全2回 クラウド時代のネットワーク+セキュリティ基盤「SASE」とは? 《連載:第2回》 IT部門の価値向上も!SASE導入のメリットと企業事例

IT部門の価値向上も!SASE導入のメリットと企業事例

第1回記事ではSASEならではの特徴や仕組みを紹介しました。今回は導入イメージがより明確になるよう、具体的なメリットや国内企業の事例、注意点について解説します。

SASE導入がもたらす3つのメリット

SASE導入によって期待できるメリットは大きく次の3つです。

【1】“多様な働き方”に柔軟に対応

新型コロナウイルス感染症の5類移行をきっかけにテレワーク実施企業の数は減少しているようですが、今後も政府主導による「働き方改革」の波が止まることはないでしょうし、メディアでは出社とテレワークを組み合わせた「ハイブリッドワーク」が新しい働き方の主流になるとも言われています。BCP(事業継続計画)対策として、テレワーク環境の構築が有効であることも言うまでもありません。

第1回記事でも紹介したように、SASEが脚光を浴びるようになったきっかけの一つがコロナ禍でのテレワークの普及。利便性を損なうことなく、社外からのアクセスにも社内と同じセキュリティポリシーを適用して外部脅威の侵入を防ぎます。まさに多様な働き方に柔軟に対応するためのネットワーク・セキュリティソリューションと言えるでしょう。

【2】業務生産性の向上

SASEではサーバーの負荷分散や、社内ネットワークのデータセンターを経由せず直接インターネットやクラウドサービスへアクセスすることで、一極集中による通信速度と品質の低下を軽減することが可能。Webミーティングや大容量ファイルのダウンロードもスムーズになり、ユーザー部門の業務生産性向上に寄与します。

特にクラウドサービスに関しては、総務省による調査による調査でも「クラウドサービスを利用している事業者のほうが利用していない事業者と比較して労働生産性が高いこと」が明らかにされており、SASEで快適なクラウド利用環境を構築することで、データの分析・活用など現在のビジネスに有効な様々な取り組みが容易になります。このようにセキュリティ基盤としてだけでなく、ビジネス基盤としての役割を担えるところもSASEの魅力です。

【3】IT部門の価値向上が期待できる

SASE導入で業務生産性の向上を期待できるのはユーザー部門だけではありません。SASEはネットワーク機能とセキュリティ機能をクラウドベースで一元的に管理するため、従来よりもIT管理が簡素化されますし、オンプレミス環境よりもハードウェアの更新やメンテナンス、障害対応に関わる作業負荷が軽減できます。

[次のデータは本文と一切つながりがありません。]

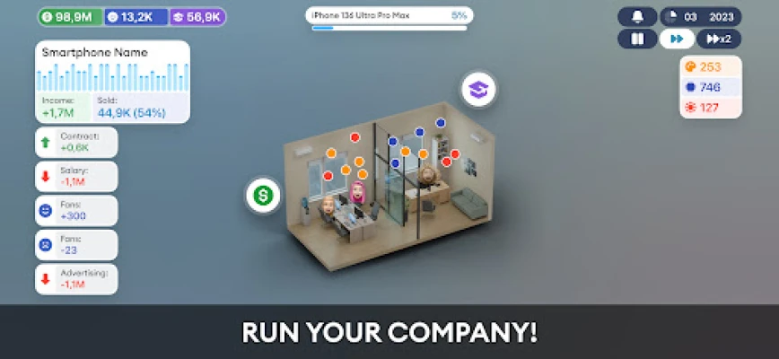 In the realm of technology, versatility is key. Whether you’re developing smartphones, laptops, or gaming consoles, each category offers a 3-D editor to customize your products. Design the operating system by crafting the kernel and user interface, while also tracking active users. With over 10,000 component combinations available—ranging from CPUs and screens to cameras and packaging—every decision you make will influence your product's price, popularity, and overall rating.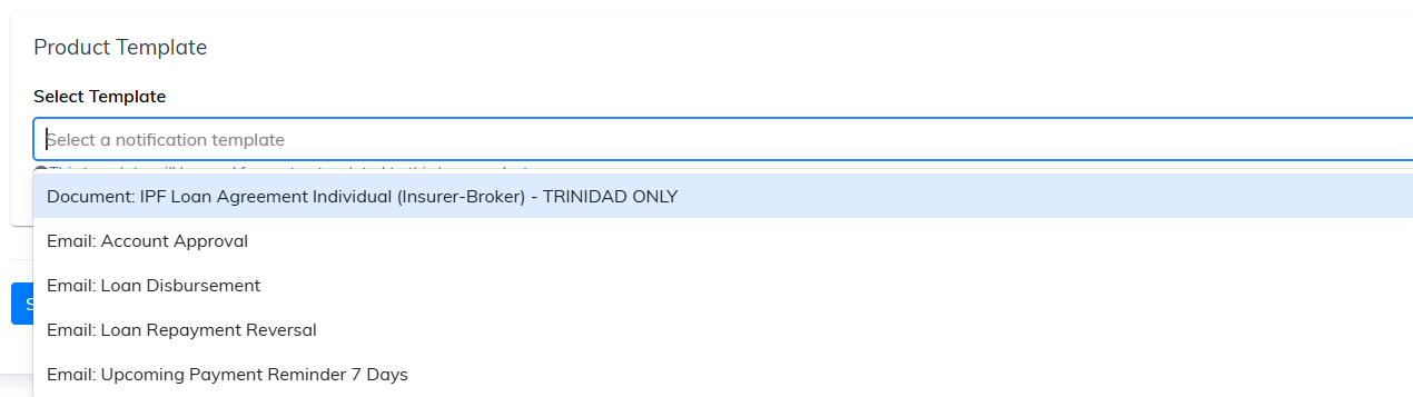 Choose a notification template (e.g. Document or Email) to be associated with this product. These templates are created in the Template section of the admin portal.

つまりSASEは、IT部門にも「社内に快適かつ安全な業務環境を提供するという本来のミッションを果たしながら、よりビジネスに直結した業務にもリソースを割ける」という、部署の価値向上にもつながる大きなメリットをもたらすという訳です。ユーザー部門のアプリケーション利用状況が細かく可視化できるので、対策やシステム提案の精度向上も期待できます。

国内企業のSASE導入事例

前回記事でお伝えしたように、何らかの形でSASEを導入している日本企業は約4割と言われています。例えば海外にも複数の拠点を有する老舗の大手生活用品メーカーでは、次のような形で導入・活用しています。

同社のSASE導入以前のネットワークは、いわゆる旧来型のネットワーク。5000人以上のグループ全社員がMPLS(※)でWANに接続し、データセンター経由でインターネットに接続していました。しかし近年は、クラウドサービスの利用増加に伴いデータセンターへのアクセスが集中し、WANの回線容量が逼迫状態に。他にもネットワーク/セキュリティ面で多くの問題を抱えていたそうです。
※MPLS(Multiprotocol Label Switching):パケットにIPアドレスの代わりに宛先を記したラベル(タグ)を用いて経路決定時間を短縮する技術。主に企業データセンターと支社・支店の接続に使用されている。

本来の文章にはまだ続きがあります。